Boeing has fired its latest salvo against rival aerospace giant Airbus in what is shaping up as one of the bitterest commercial dogfights of recent times.
The US company claimed its European counterpart has got its forecasts of future air travel patterns wrong, is being forced to sell aircraft at big discounts to win orders and will struggle to repay state loans.
Airbus, 20 per cent owned by BAE Systems, countered that it is well on course to meet all of its commercial targets, and thatBoeing is simply rattled at seeing decades of domination of the civil aircraft sector vanishing.
Two new aircraft, the Airbus A380 ‘superjumbo’ and Boeing’s 7E7 Dreamliner, are at the heart of the war of words.
Airbus believes the 550-seat A380 will be needed to move ever increasing numbers of passengers between aviation ‘mega-hubs’ such as Heathrow and JFK.
But at a briefing in London, Randy Baseler, vice-president of marketing at Boeing’s commercial aircraft division, claimed that Airbus was ‘betting the ranch’ on the A380 and had dramatically overestimated demand for the new planes.
The US manufacturer, which led the charge to build giant passenger aircraft 30 years ago with the 747, is now counting on the trend going into reverse.
Boeing is convinced that the 200 to 250-seat 7E7 will meet growing demand for ‘point-to-point’ services that can fly directly between regional airports on either short or long-haul flights. It is a crucial part of Boeing’s bid to reclaim its lead in the commercial aviation market after being overtaken by the Europeans in aircraft delivery terms for the first time last year.
Due to enter service in 2008, Boeing claimed the Dreamliner will break new ground in terms of efficiency and passenger comfort. It is designed to use 20 per cent less fuel than comparable aircraft,as well as reducing emissions and noise.

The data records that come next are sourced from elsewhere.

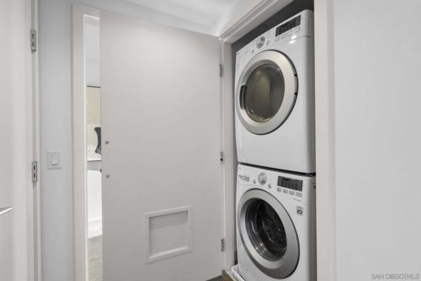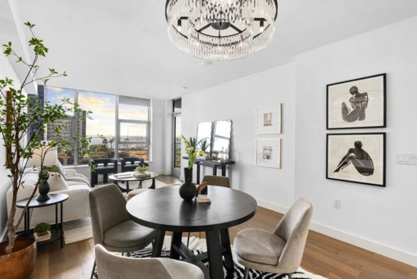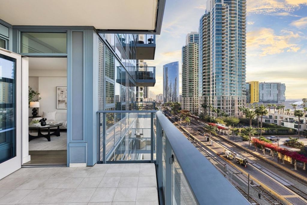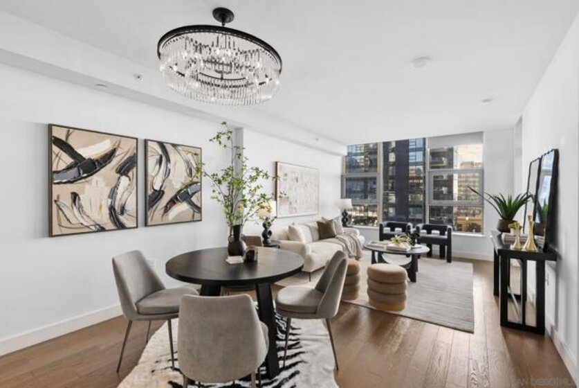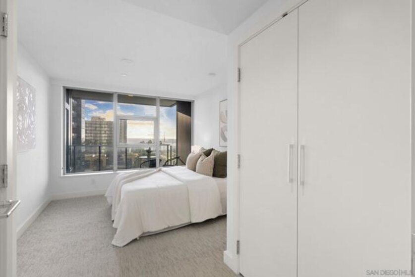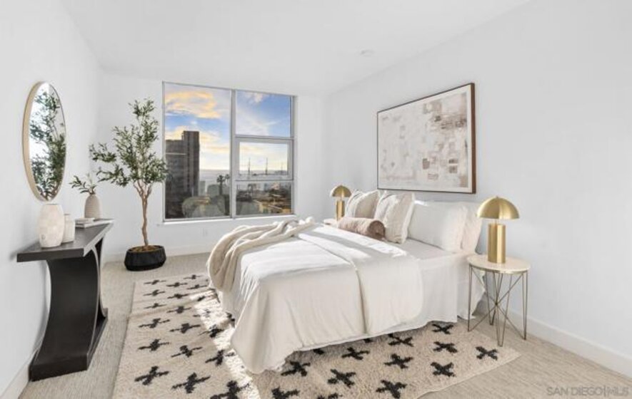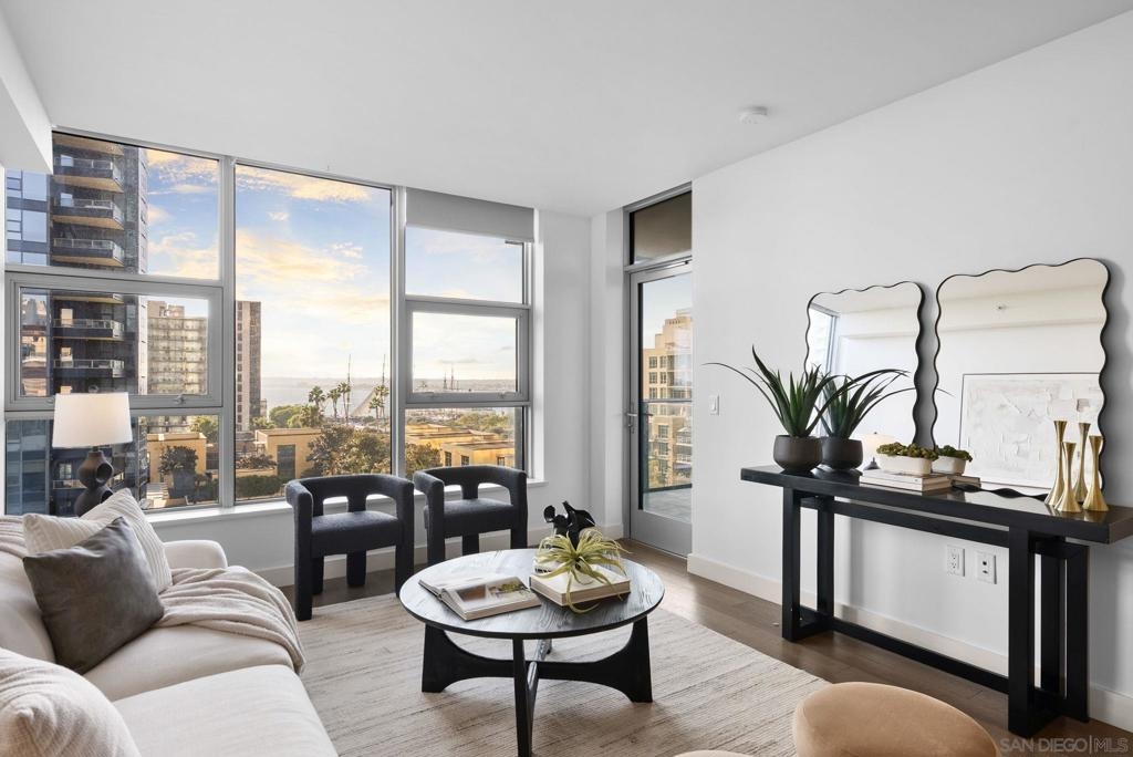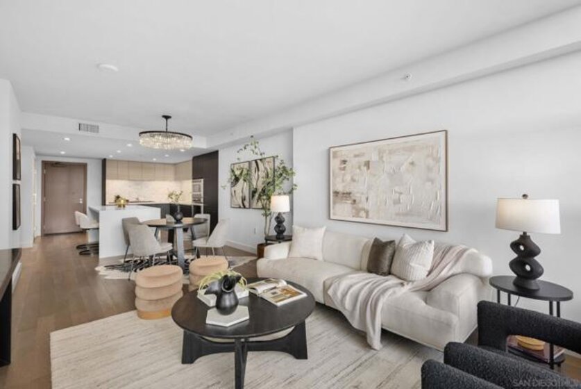 Welcome to Savina Residence 609, a west-facing 2-bedroom, 2-bath home showcasing exceptional bay and city views from every room. This thoughtfully designed residence features an open-concept layout with a spacious great room that easily accommodates both living and dining, all framed by expansive windows and natural light. The kitchen offers bar seating and flows seamlessly into the main living area, making it ideal for both everyday living and entertaining. The primary suite is generously sized and features a massive walk-in closet, while the second bedroom also enjoys sweeping views, creating a bright and elevated living experience throughout. This property comes with 1 parking space and 1 storage space. Additional highlights include one assigned parking space and a well-balanced floor plan that maximizes both functionality and comfort. Savina residents enjoy over 24,000 square feet of resort-style amenities, including a stunning lobby with concierge, business lounge, and a state-of-the-art fitness center with outdoor yoga terrace. Relax and recharge in the spa with sauna and steam room, or unwind on the pool terrace featuring cabanas, fire features, and communal dining areas. Additional amenities include a social lounge with chef’s kitchen and billiards, pet retreat with dog washing station, bike tune-up station, EV charging, and secure resident access. Experience elevated coastal urban living in one of Downtown San Diego’s most sought-after communities.
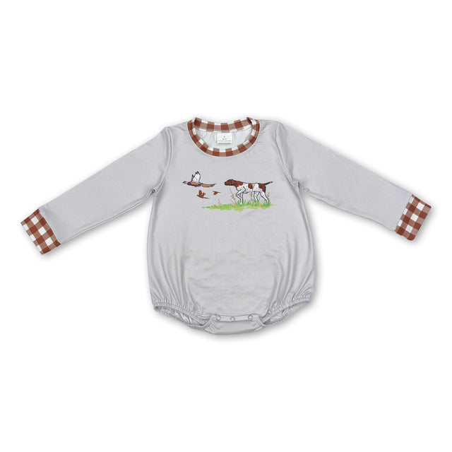 Long sleeves plaid dog duck baby boy hunting romper - 0-3M is backordered and will ship as soon as it is back in stock.
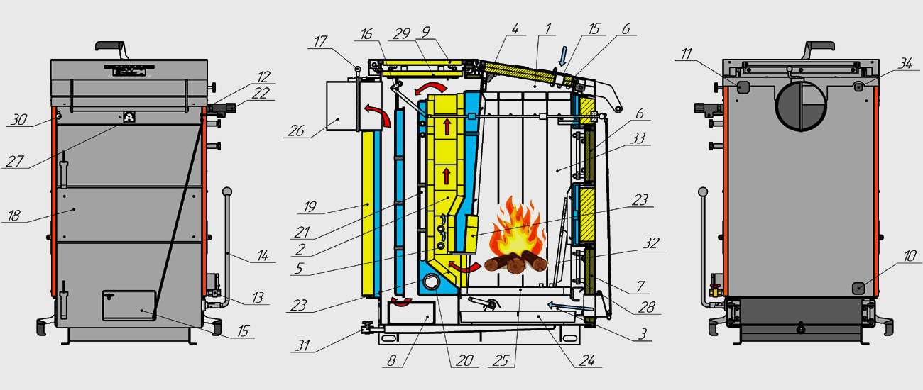 | 9. Hatch for cleaning smoke (gas) channels | 26. Chimney (flue) |
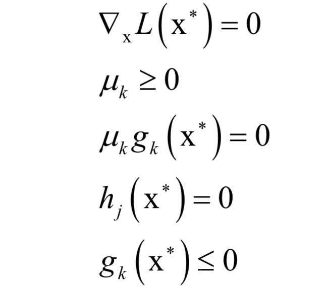 λ和μ称为KKT乘子。在最优解处x*应该满足如下条件:

Airbus is equally keen to claim the environmental high ground for the A380, which it has labelled the ‘green giant.’ Alongside low fuel consumption, the Europeans make one central argument for the A380’s environmental credentials – more passengers on board equals fewer aircraft in the skies.
But Baseler claimed that many of the passengers flying on A380s from airports such as Heathrow would need to be shuttled there by feeder services of smaller aircraft, so adding to the congestion.The decisive factor will, however, be the willingness of airlines to buy the planes. Airbus forecasts a total market of some 1,200 passenger aircraft larger than 400 seats over the next 20 years. Boeing predicts the figure will be a quarter of that, with airlines flocking to the middle section of the market.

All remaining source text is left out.